In a 1933 sermon, given shortly after Hitler’s rise to power, German Lutheran pastor Dietrich Bonhoeffer, who would later die at the hands of the Nazis, told us the power of Mary’s words:

This song of Mary’s is the oldest Advent hymn. It is the most passionate, most vehement, one might almost say, most revolutionary Advent hymn ever sung. It is not the gentle, sweet, dreamy Mary that we so often see portrayed in pictures, but the passionate, powerful, proud, enthusiastic Mary, who speaks here. None of the sweet, sugary, or childish tones that we find so often in our Christmas hymns, but a hard, strong, uncompromising song of bringing down rulers from their thrones and humbling the lords of this world, of God’s power and of the powerlessness of men. These are the tones of the prophetic women of the Old Testament: Deborah, Judith, Miriam, coming alive in the mouth of Mary.

Mary brings to life the words of the Old Testament prophets, and passes them on for all of us, and perhaps especially for young women of color like those who organized Saturday’s Black Lives Matter rally. These words of Mary, and the inspiration they bring to oppressed hearts, are so dangerous to powerful, white oppressors, their public recitation has been banned in many settings through colonial history.

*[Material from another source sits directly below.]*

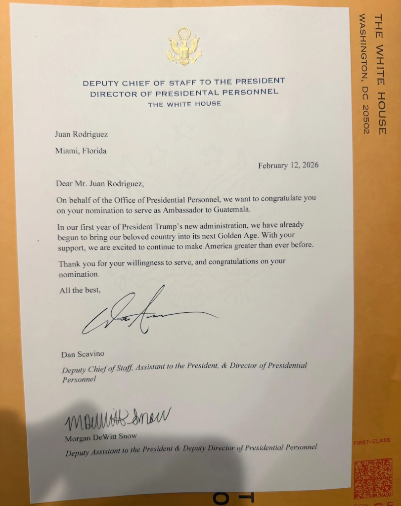 Luego de la nominación de Juan Rodríguez como Embajador Extraordinario y Plenipotenciario de los Estados Unidos en Guatemala, a la espera de ser aprobada por el Senado estadounidense, se conoce que es un profesional del derecho, originario de Florida, con amplia experiencia en la resolución y gestión de conflictos multinacionales.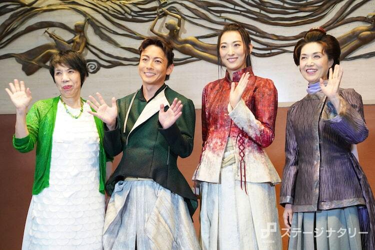 囲み取材には珠城、屋良、剣幸、謝が登壇した。宝塚歌劇団時代から縁がある謝からラブコールを受け、本作へ出演することになった珠城は「先生からお話をいただいたとき、また一緒に作品を作れることがとてもうれしかった。先生はいつも役者1人ひとりに愛情を注いでくださり、ご自身が舞台作りを本当に楽しんでいるのも伝わってくるので、稽古場はいつも明るくカラッとした空気。常々私は、先生は“人間パワースポット”だ、と言っているんです(笑)」と笑顔で話す。

As the St. Mary’s Centre for Peace and Reconciliation, in Luton, England, notes on its website:

Apparently the Magnificat was excluded from its traditional place in evensong in churches run by the British East India Company in India. Years later Gandhi requested that this song be read in all the places where the British flag was being lowered on the final day of imperial rule in India.  The junta in Argentina forbade the song after the Mothers of the Disappeared displayed its words on placards in the capital plaza. And during the 1980s, the governments of Guatemala and El Salvador prohibited any public recitation of the song.

The words of Mary, born of the Spirit of Christ beating within her womb, are as dangerous to oppressors and as uplifting to the oppressed as they were 2,000 years ago. Read these words. Recite them. Pray them. Write them on your hearts. And most importantly, let them guide your hands, your feet and your words, that Mary’s Song of Justice may come to fruition in our land, in our time.

Let us pray:

Almighty God, who created all of us in your image: Grant us
grace fearlessly to contend against evil and to make no peace
with oppression; and, that we may reverently use our freedom,
help us to employ it in the maintenance of justice in our
communities and among the nations, to the glory of your holy
Name; through Jesus Christ our Lord, who lives and reigns with
you and the Holy Spirit, one God, now and for ever. Amen.

3 thoughts on “Black Lives Matter and the Power of Mary’s Song

  1. Thank you for this powerful article. As musicians we are very familiar with “Mary’s Song” but the context in which you have placed it has really given it more meaning to me.